Dealing with Conflict

The most recent conflict that comes to mind, though life is riddled with similar strifes, is an ongoing issue with my sister. For some time now she has felt like the black sheep of the family. Though everyone in my family has at least a bachelor degree, she felt like she had to work much harder for hers, and she often feels insecure and inadequate when compared to myself and my older brother. She has a point, and things have always come easier to me. Worse, this insecurity is coupled with her feeling like we judge her life and her current boyfriend because she chooses to enjoy the simple things in life, and because he did not get a degree.

Of couse, I don't really care about the degree all that much, and anyone who has heard me rant recently about the state of education in this country knows just how much of a sham I think college is, but that is beside the point.

Recently, this conflict that has been roiling beneath the surface for some time now came to a boiling point over a facebook post of all things. She posted something that in my mind was narrow minded and ignorant and I merely disagreed with her in a comment along with others. She took it quite personally and everything that had been beneath the surface erupted into a big argument.

To boot, she is about to make an offer on a house with her boyfriend, and everyone in my family thinks that this is an unwise financial decision given her age, non-marital status, and the house itself which needs a lot of work.

I have certainly not said anything to her that she has not already heard from my other brother and from my parents, but for some reason she took it especially personally coming from me, and I have not been able to understand why

I had experienced a similar fallout with my brother years back when he went off to college and we drifted apart. I felt like he no longer cared about my life and I built up a lot of resentment over the years. He was always a very accomplished person and when he went off to West Point I felt like everyone in my family fawned over him at family gatherings. I let it build and build until it came to a head and we had a good talk. With time, I came to see that moving out caused him to move on and get busy with life. It was not intentional, it was just part of moving out and going to school. I also learned to deal with my own fears of inadequacy which were really at the heart of the matter.

Thus I really can see where my sister is coming from in some sense, but I had hoped that given time she would come to the same conclusions that I came to when I was in her shoes. Letting it go for a year or so however, was probably not a good idea, because it came to light that she feels I don't support her enough. IN some small way, she has a point, and I am trying to be more positive in my interactions with her so that when I disagree with her it doesn't seem so much like an attack.

I guess I am still torn on this issue, I feel like only time and space will fully heal this one because I think she has some growing up to do when it comes to how she deals with emotional conflict. She becomes quite irrational when angry and stubbornly refuses to ever admit being wrong. Even when calm I feel like this is mostly coming from a displaced sense of insecurity that I don't know how to help her get rid of.

Honestly if I could go back and change anything I am not sure that I would. I still don't know how to fix this particular conflict because I honestly don't know what is causing it. Sometimes I feel as if she wants me to see things the way she does because she cannot accept that someone might think differently. I have nothing against her choosing the simple, small town life, because it is her life to live. That does mean that its harder for her and I to see things eye to eye, and this becomes a problem when we spend time together. I would rather discuss life and politics and books than baseball and nascar and somehow that makes me an arrogant person in her eyes.

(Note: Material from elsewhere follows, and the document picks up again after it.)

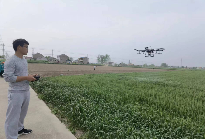三月春耕忙,江苏省宝应县柳堡镇新安村的麦田里,四五台无人机正在升空,随着均匀的喷洒,几十亩小麦的除草工作很快搞定,效率达到人工操作的20倍。田埂上急匆匆走来的“95后”王雨森和他的无人机小分队,正要按预约赶往下一家种粮大户。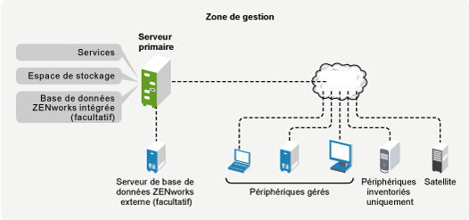Une zone de gestion se compose d'au moins un serveur primaire, de satellites (si nécessaire) et d'un ou de plusieurs périphériques gérés ou inventoriés seulement. Les serveurs primaires et les satellites collaborent pour gérer les périphériques. Les informations de la zone sont stockées dans une base de données qui réside sur l'un des serveurs primaires ou de façon externe sur un autre serveur sur lequel ZENworks n'est pas installé.

I think the compass of shame is probably legitimate for certain people, but I honestly can't place myself on there. Maybe someone who has known me for a while could, and I suppose anyone reading this blog might think that I am in the "attack others" category because I essentially said that not much of this is conflict with my sister is my fault, but I disagree. I can identify various conflicts in my life where I have tried each of those methods of coping with pain. I have experienced immense periods of self-loathing and regret that could be considered attack self. I have found myself in arguments attacking others and putting them down to somehow feel better about myself. I have run from my issues and isolated myself from the world and I have abused alcohol and drugs before in an attempt to dull my senses so as not to think.

I guess I would have to do more research on the topic, but I do feel like the compass of shame in my experience is more heavily based on situations than on the person. Then again, I suppose this too might vary, and some might fall into more extremes than myself.